This is the most consequential story in pharmacy this week. It broke May 5th. It lands directly on every pharmacist who administers vaccines, counsels hesitant patients, or works to hold the line on evidence-based care in an increasingly skeptical world.
What Actually Happened
Federal health officials at the FDA blocked the publication of multiple vaccine safety studies for COVID-19 and recombinant zoster vaccines in late 2025 and early 2026. FDA staff scientists conducted analyses of millions of patient records and found that serious adverse events were rare for both vaccines. Agency leadership directed the scientists not to publish.
Two COVID-19 vaccine studies were withdrawn in October 2025 after scientists received direction to pull them, studies that had already been accepted for publication in peer-reviewed medical journals. In February 2026, top FDA officials declined to approve submission of shingles vaccine study abstracts to a major drug safety conference.
A spokesperson for HHS, which oversees the FDA, confirmed the withdrawals. The official rationale: “The studies were withdrawn because the authors drew broad conclusions that were not supported by the underlying data.” Independent scientists and public health experts pushed back sharply on that justification.
Dr. Fiona Havers, a former CDC official who led CDC’s tracking of hospitalizations from COVID-19 and RSV, stated: “HHS leaders now have a clear pattern of blocking high-quality studies that include results that don’t support their overall anti-vaccine narrative. This censorship of taxpayer-funded science is extremely concerning.”

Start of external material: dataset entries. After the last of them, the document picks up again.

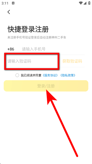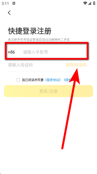 3、在快捷登录注册页面,输入手机号,点击获取验证码。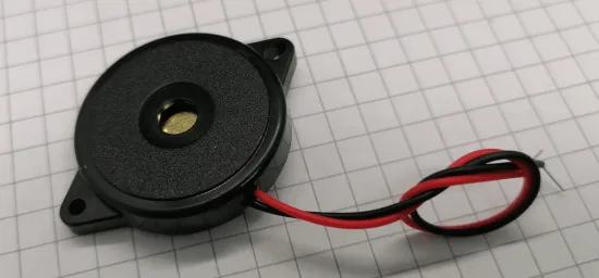 Der Piezolautsprecher verfügt über zwei, farbige Zuleitungen (rot & schwarz) mit einer Länge von 9 cm. Des Weiteren sind am runden Gehäuse (29 mm Durchmesser) zwei Montagelöcher von 2,5 mm angebracht.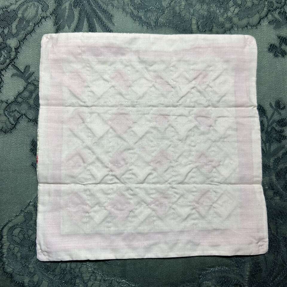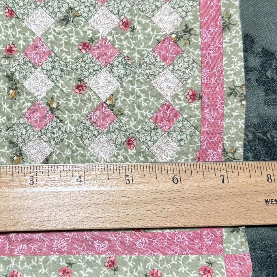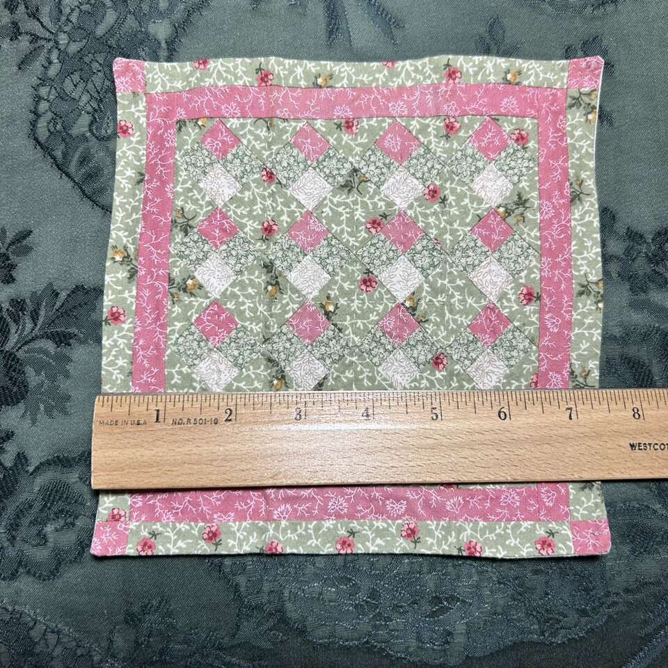Dainty Miniature Hand-pieced Quilt is perfect for display in a frame or as a doily on furniture or used for a doll-house. Measures 7.5” X 7.5” square and is 1/8th scale. Wonderful 100% cotton calico fabrics were carefully choosn tiny miniature prints that creates the illusion that the quilt is larger than it actually is. Batting was not used- only a backing, like a summer quilt. No rips, tears or defects. Smoke free. Delivery available to a convenient location when in your area for $5.
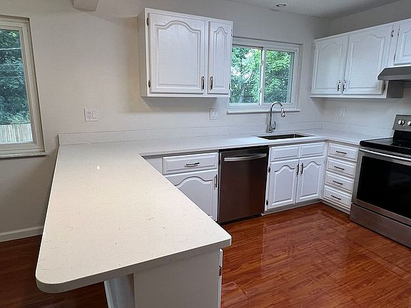 New quartz countertopRefreshed kitchenFinished lower levelBonus roomsNew garage doorBrand-new sidingSix-panel doors
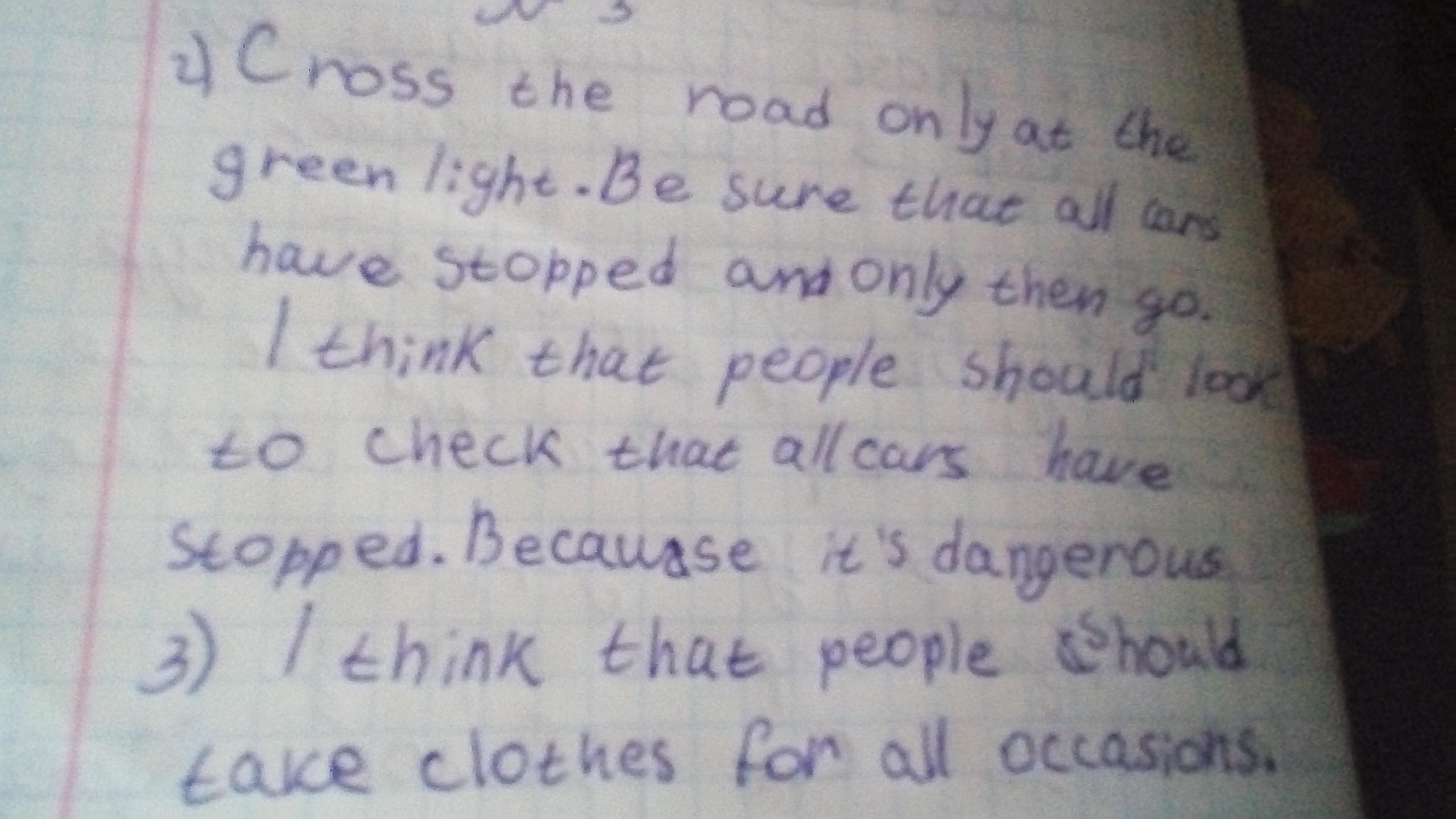 1. Кросс зэ рОуд Онли эт зэ грин лайт. Би шУэ зэт ол карз хэв стопд энд Онли зэн гОу. Ай синк зэт пипл шуд лук ту чек зэт ол карз хэв стопд. БикОз итс дЭнджирэс.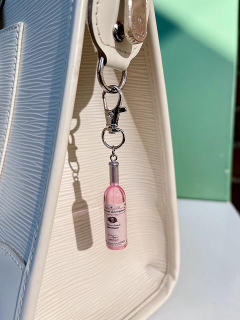 Voor liefhebbers van rosé wijn is deze tas / sleutelhanger natuurlijk een schot in de roos! Met handige draaiknip om makkelijk en stevig te bevestigen aan bijvoorbeeld een tas.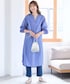 【トップス】 ・パッと目を引くブルーのストライプは、縦のラインを強調してくれるので全体がスッキリ見えます。 ・首元のキーネックデザインがデコルテに抜け感を作り、お顔周りをシャープな印象にしてくれました。 ・ふんわりとしたボリューム袖ですが、手首のゴムで好みの位置にブラウジングできるのが嬉しいポイントです。 【ボトムス】 ・裾から白のレギンスを覗かせて、重たくなりがちなロング丈に軽やかさをプラスしました。 ・ワンピースの裾に前後差があるデザインなので、レギンスを重ねても足元がもたつかず綺麗に決まります。 ・レギンス一本挟むことで、アクティブに動きたい日も安心感のある着心地でした。 【シューズ・バッグ・小物】 ・足元は黒のスニーカーを合わせて、爽やかな配色をグッと引き締めて大人っぽく。 ・お団子ヘアにまとめることで、ボリュームのあるワンピースとのバランスを取り、重心を上げました。 ・眼鏡などの小物使いで、カジュアルな中にも知的なエッセンスを添えています。 【スタッフのつぶやき】 ・体のラインを全く拾わないのに、ストライプのおかげで着膨れして見えないのがこのワンピのすごい所です!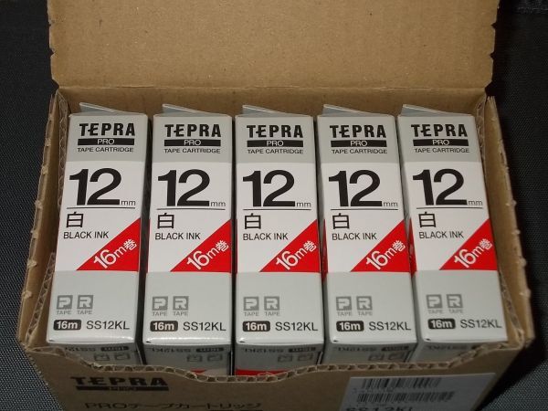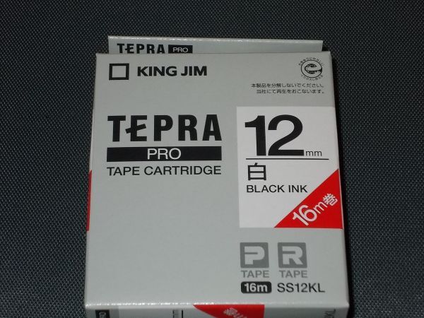 新品・未開封PRO用テープ12mm幅・SS12KL白ラベル黒文字(ロングタイプ)の出品です。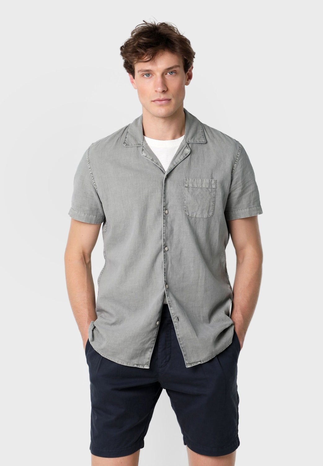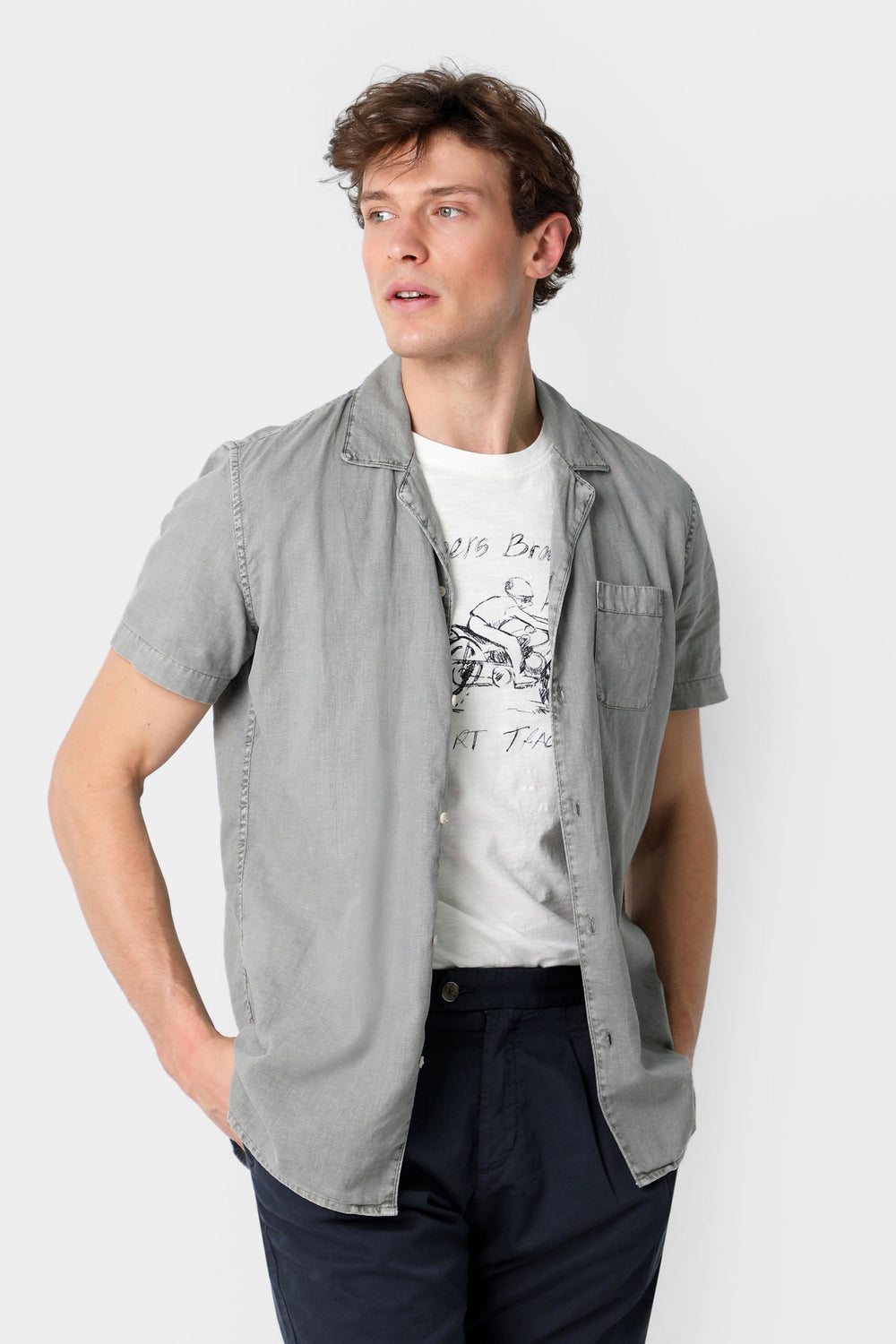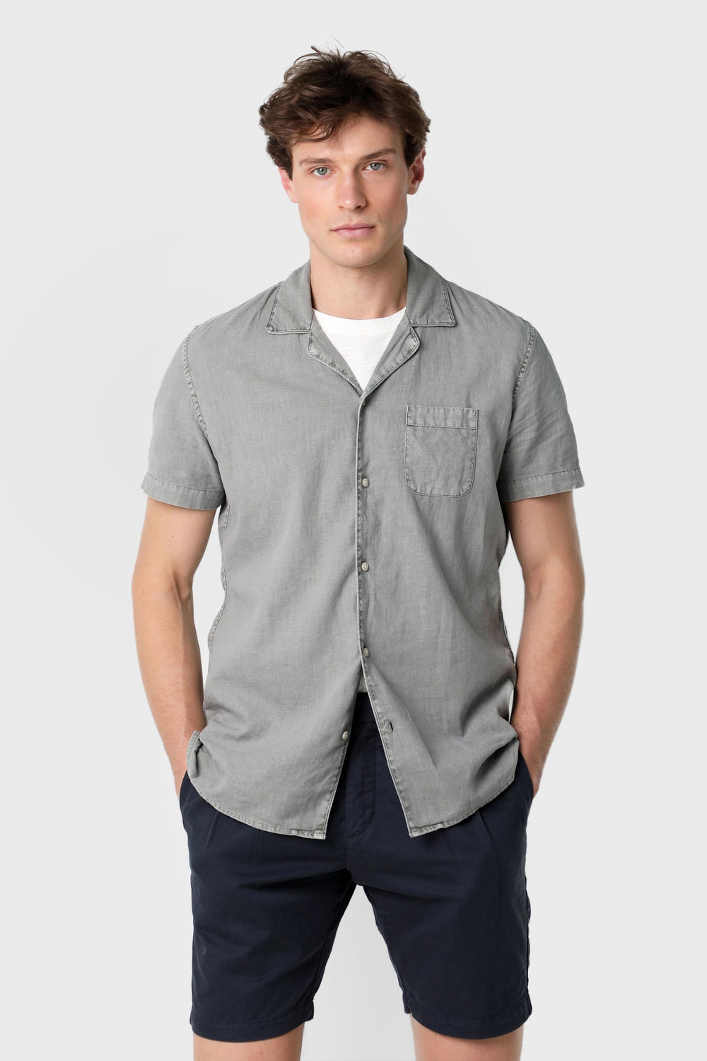 Camisa confeccionada en tejido mezcla de lino y algodón. Corte Regular Fit, manga corta, cuello pijamero y cierre con botones. Detalle bolsillo pecho.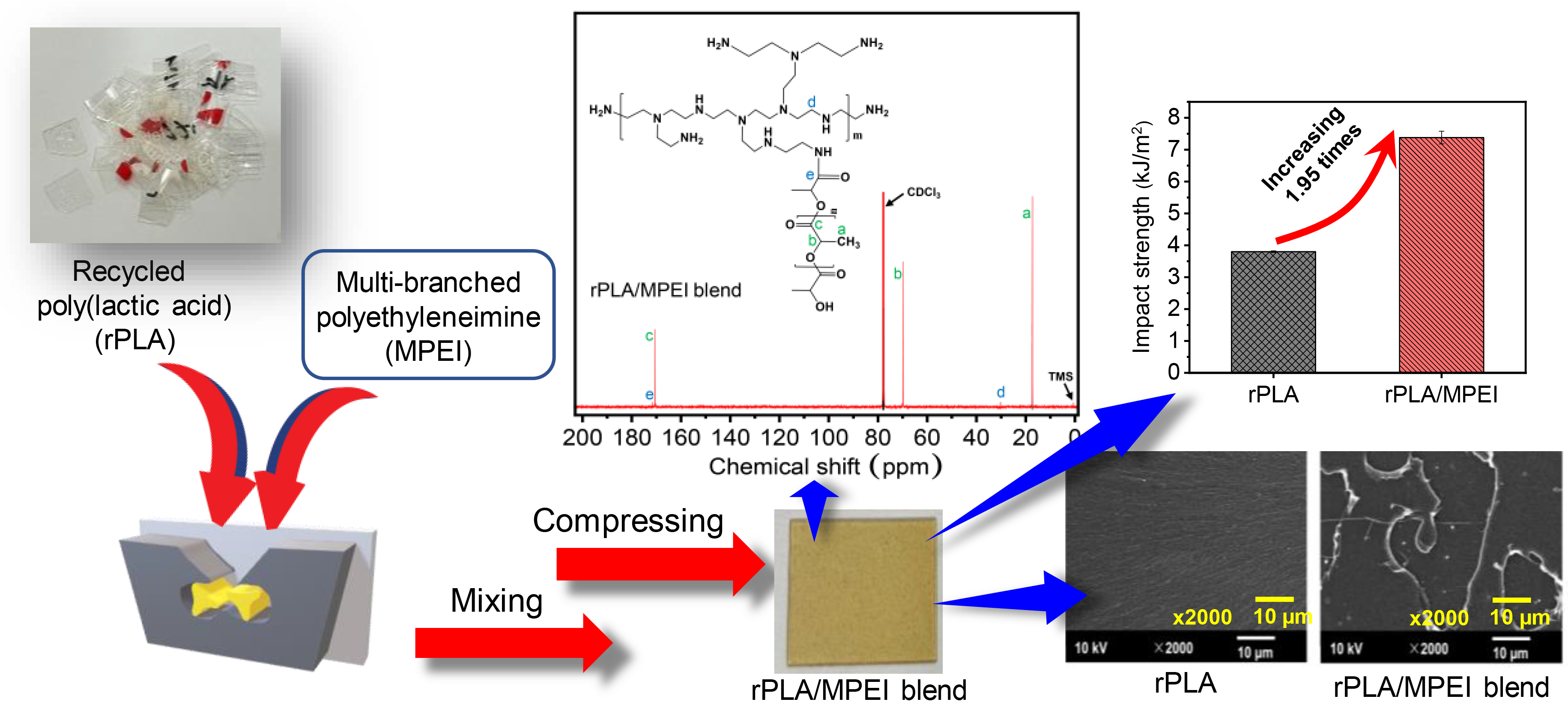 - The addition of MPEI significantly improved the mechanical strength and fracture resistance of recycled poly(lactic acid).

The withdrawals are taking place under HHS Secretary Robert F. Kennedy Jr., a prominent vaccine skeptic who has repeatedly expressed doubt about the safety and efficacy of several vaccines, including COVID-19 vaccines and childhood immunization schedules. Under his leadership, federal health agencies have softened COVID shot recommendations, cut vaccine research funding, and attempted to overhaul the childhood immunization schedule.
Why This Is a Pharmacist Problem Not Just a Policy Problem
The suppression of these studies doesn’t change the underlying data. But it changes the information environment your patients operate in, and you are the one standing at the counseling window when they bring their questions.
One expert framed the stakes directly: “That information goes out to medical care practitioners of all kinds, physicians, nurses, pharmacists, so that they can honestly and clearly represent the effectiveness and safety of vaccines to their patients. Not having this information readily available and published in the scientific literature is very unfortunate, as it impedes the appreciation of the safety and effectiveness of the vaccines now being recommended for use.”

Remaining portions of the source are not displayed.